Bacon “insisted on experiment in determining truth in nature and the Novum is a proposed method for the assessment of all knowledge. The accumulation of observation and fact must be the basis of a new philosophy and not the authority of Aristotle or anyone else... Bacon’s inspiration led directly to the formation of the Royal Society” (Dibner 80), the oldest continuously existing scientific academy in the world. The Novum’s famous allegorical title page—with its evocative engraving of a ship in full sail passing through the Pillars of Hercules—refers to the work as the Instauratio Magna. The Philosophical Transactions of the Royal Society were soon to be filled with exactly the kind of "Histories," careful collections of experimental data, that Bacon here recommends. 

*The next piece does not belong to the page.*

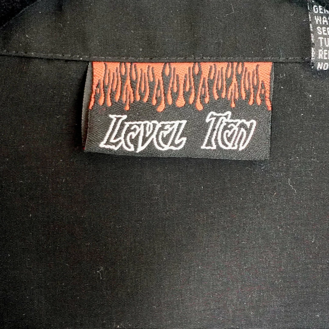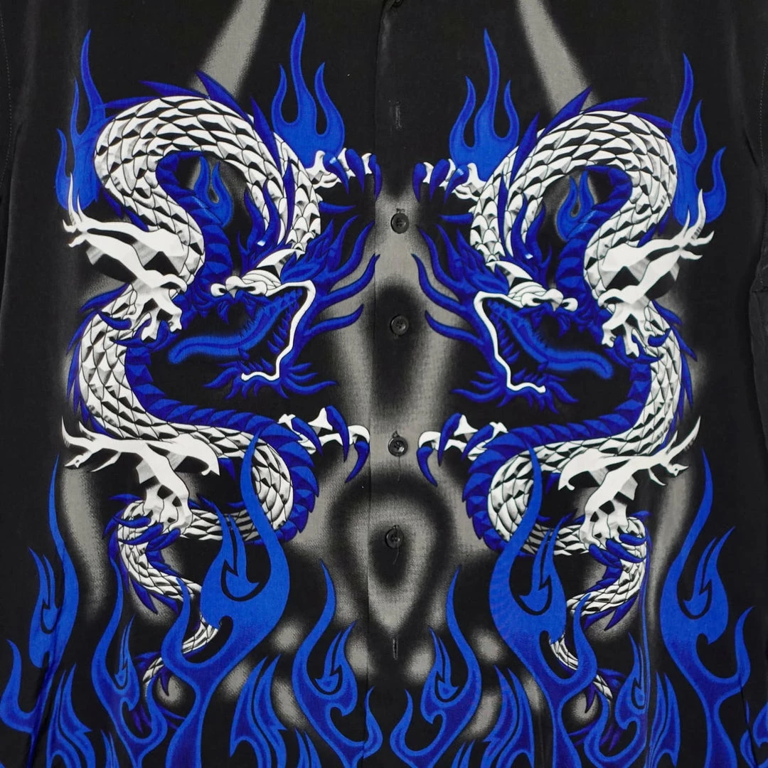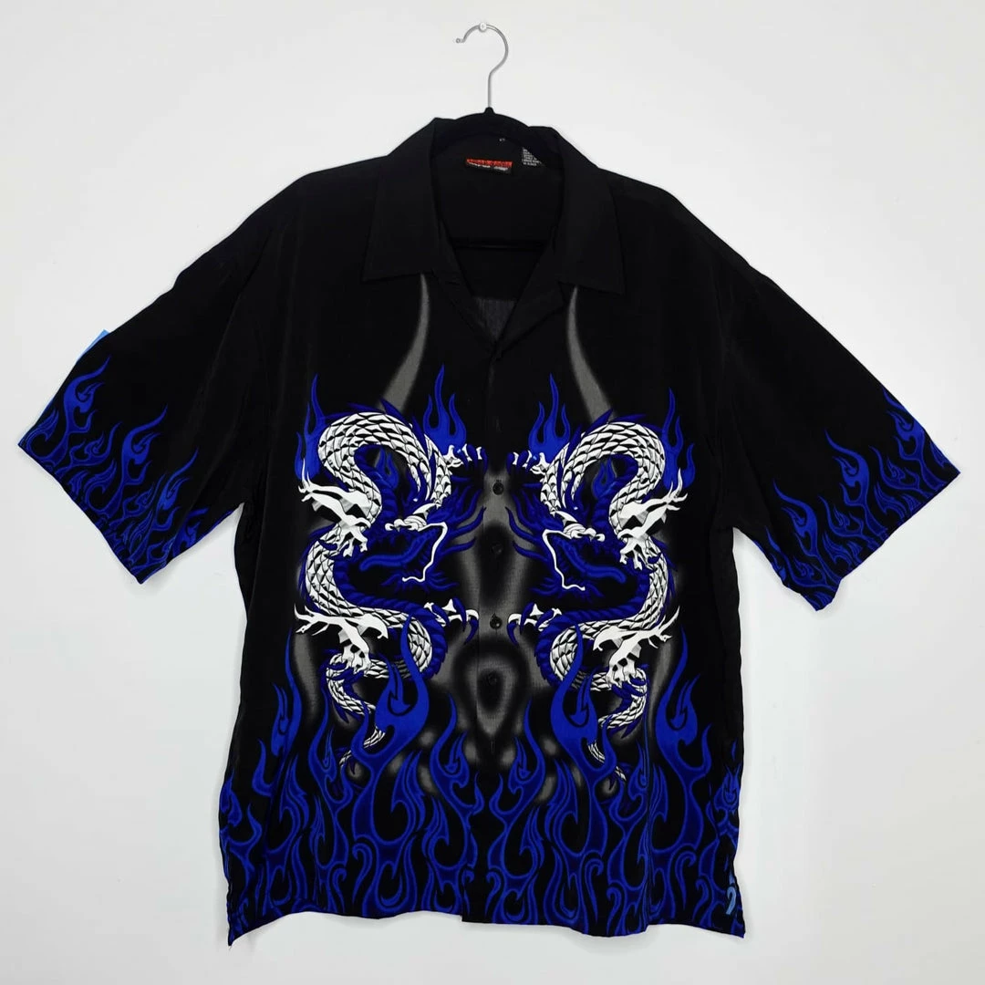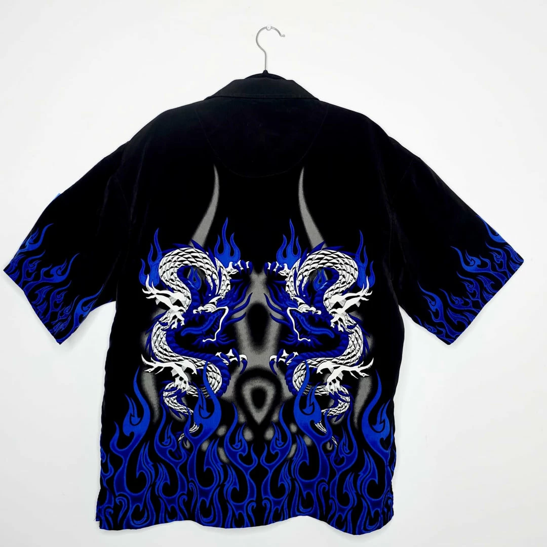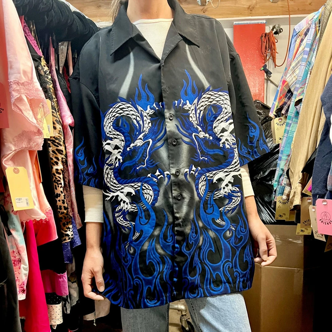 Spike up your hair and throw on some wrap around shades because you’ll be feeling that 90s vibe after you put this button up on. From the brand Level 10, the boxy shirt features two mirrored dragons on either side with blue flames rising from the bottom and the sleeves.

As usual, this copy is the second state, with leaf e3 canceled and reprinted on e4, errata added, and only printer John Bill present. Ownership inscription at head of title; 18th-century manuscript notes on both sides of initial blank; scarce underlining and marginal marks in the preface. From the library of the Irish classical scholar John Walker (17691833), with his ownership inscription at the head of the engraved title "John Walker, T.C.D." (retrospectively dated 1815), and with his manuscript notes in Latin about the book on both sides of the initial blank leaf. Walker entered Trinity College, Dublin, in January 1786, ascending by stages to Bachelor of Divinity in 1800. Inspired by the practice of the apostles and rejecting all later developments in church authority, Walker founded a group called the Church of God, known pejoratively as Separatists or Walkerites, and Walker was expelled from his fellowship at Trinity. He supported himself by lecturing and writing until the last year of his life, when Trinity College, Dublin, granted him a pension in amends for its earlier treatment of him.


Very infrequent scattered light foxing, with occasional marginal pinpoint wormholing, not affecting readability. Age-wear to contemporary calf boards, with a few cuts, wormholes on rear board. A desirable copy in extremely good condition of this landmark.